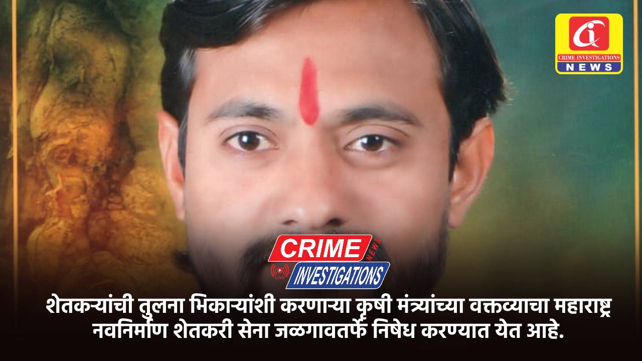 शेतकऱ्यांची तुलना भिकाऱ्यांशी करणाऱ्या कृषी मंत्र्यांच्या वक्तव्याचा महाराष्ट्र नवनिर्माण शेतकरी सेना जळगावतर्फे निषेध करण्यात येत आहे.महाराष्ट्र राज्याचे कृषिमंत्री माणिकराव कोकाटे यांनी शेतकऱ्यांची तुलना भिकाऱ्यांशी केलेल्या वक्तव्याचे महाराष्ट्र नवनिर्माण शेतकरी सेनेतर्फे निषेध करण्यात येत आहे. शेतकरी हा स्वतः काबाडकष्ट करतो स्वतः कमवतो आणि पूर्ण जगाचा पोशिंदा त्याला जी उपमा मिळालेली आहे ती कोणाच्या मेहरबानीने किंवा कोणत्याही सरकारने दिलेल्या योजनेतून मिळालेली नाही त्याचा तो हकदार आहे.
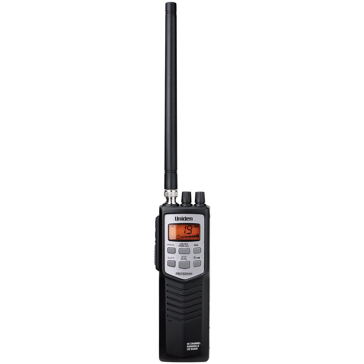 The Uniden PRO501HH 40-Channel Handheld CB with Weather Alert includes the CB features you need every day. 40 CB channels let you tune into the action channels or break away to do your own thing. NOAA Weather keeps you informed when severe weather threatens. And the dual-watch feature lets you talk on 1 channel, while keeping an ear on another channel you are interested in. Use high power to punch out the strongest signal, or low power to preserve the batteries if you're not plugged into your vehicle's 12-volt accessory port.
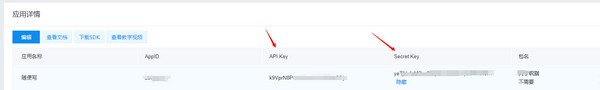 然后查看应用详情里,就能看到APIKEY和SECRETKEY了,复制到软件中即可。
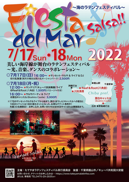 17日は夕日を眺めながら音楽とダンスを楽しむサンセットサルサ。DJによるラテン音楽のほか、キューバ音楽のライブやキッチンカーによる飲食提供も。館山駅から会場を往復するシャトルバスも用意されている。翌日18日(月・祝)は12時から八角堂、16時からは房白キャッスルを会場にラテンライブなどが開催される。詳しくは、サイト tateyamalatinfes.comまたはお電話で。
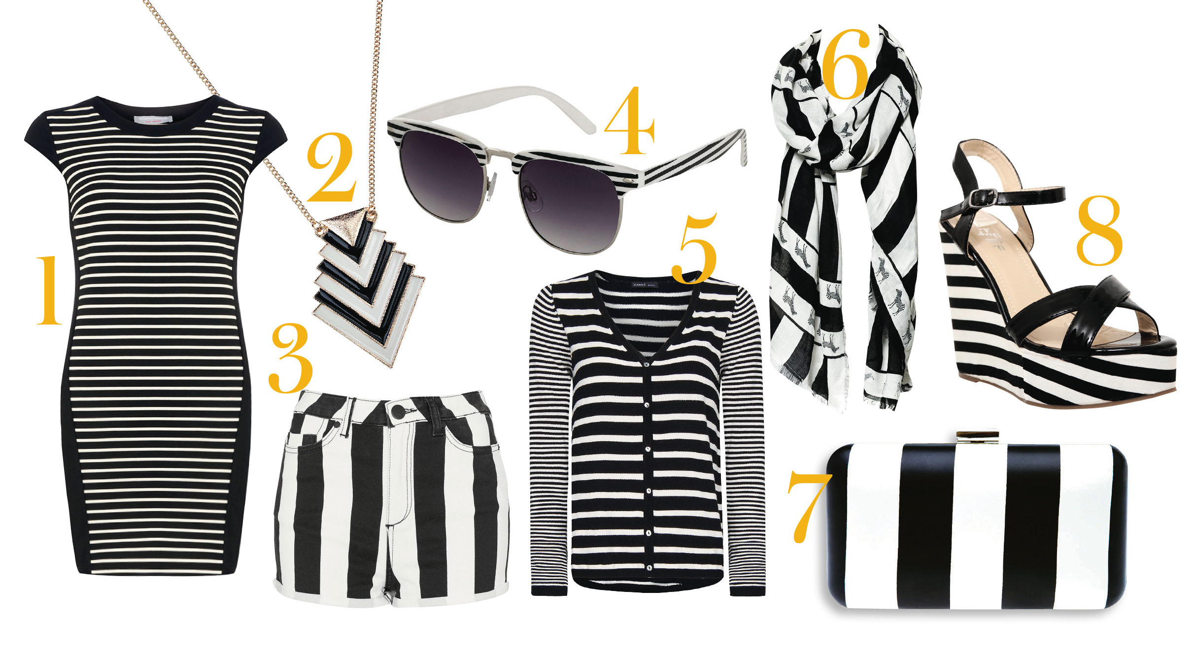 Bertambah lagi item gaya untuk Anda miliki bulan ini. Yup! Nuansa stripes berpalet hitam-putih kini hadir untuk membuat penampila kasual menjadi lebih playful. Dan semuanya ini di bawah Rp500.000,-. (Marsya Labde / TA / Image: Dok. Cosmopolitan)
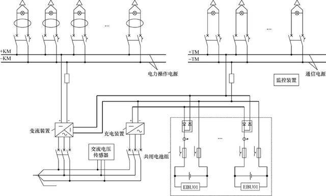 1)在有溝通電時(shí),電力操作電源和通訊電源各自都能獨(dú)立運(yùn)轉(zhuǎn)。電力操作電源選用變流設(shè)備直接整流后供應(yīng)DC 220V/110V直流母線,通訊電源選用充電設(shè)備經(jīng)由逆流設(shè)備后供應(yīng)-48V通訊電源母線,防止從DC 220V/110V直流母線經(jīng)過DC/DC二次電壓改換。在溝通停電時(shí),電力操作電源和通訊電源共用蓄電池組。此刻,經(jīng)過逆流設(shè)備并聯(lián)起來的蓄電池組,一方面可以經(jīng)變流設(shè)備升壓后供應(yīng)電力操作電源,另一方面可以直接供電給通訊電源。

• _What needs to be done_: Here the job is to retype exactly the lines that start at the one containing "Bertambah lagi item" and run through the end of the records above, leaving out pictures.

• _Task output_:
 Bertambah lagi item gaya untuk Anda miliki bulan ini. Yup! Nuansa stripes berpalet hitam-putih kini hadir untuk membuat penampila kasual menjadi lebih playful. Dan semuanya ini di bawah Rp500.000,-. (Marsya Labde / TA / Image: Dok. Cosmopolitan)
 1)在有溝通電時(shí),電力操作電源和通訊電源各自都能獨(dú)立運(yùn)轉(zhuǎn)。電力操作電源選用變流設(shè)備直接整流后供應(yīng)DC 220V/110V直流母線,通訊電源選用充電設(shè)備經(jīng)由逆流設(shè)備后供應(yīng)-48V通訊電源母線,防止從DC 220V/110V直流母線經(jīng)過DC/DC二次電壓改換。在溝通停電時(shí),電力操作電源和通訊電源共用蓄電池組。此刻,經(jīng)過逆流設(shè)備并聯(lián)起來的蓄電池組,一方面可以經(jīng)變流設(shè)備升壓后供應(yīng)電力操作電源,另一方面可以直接供電給通訊電源。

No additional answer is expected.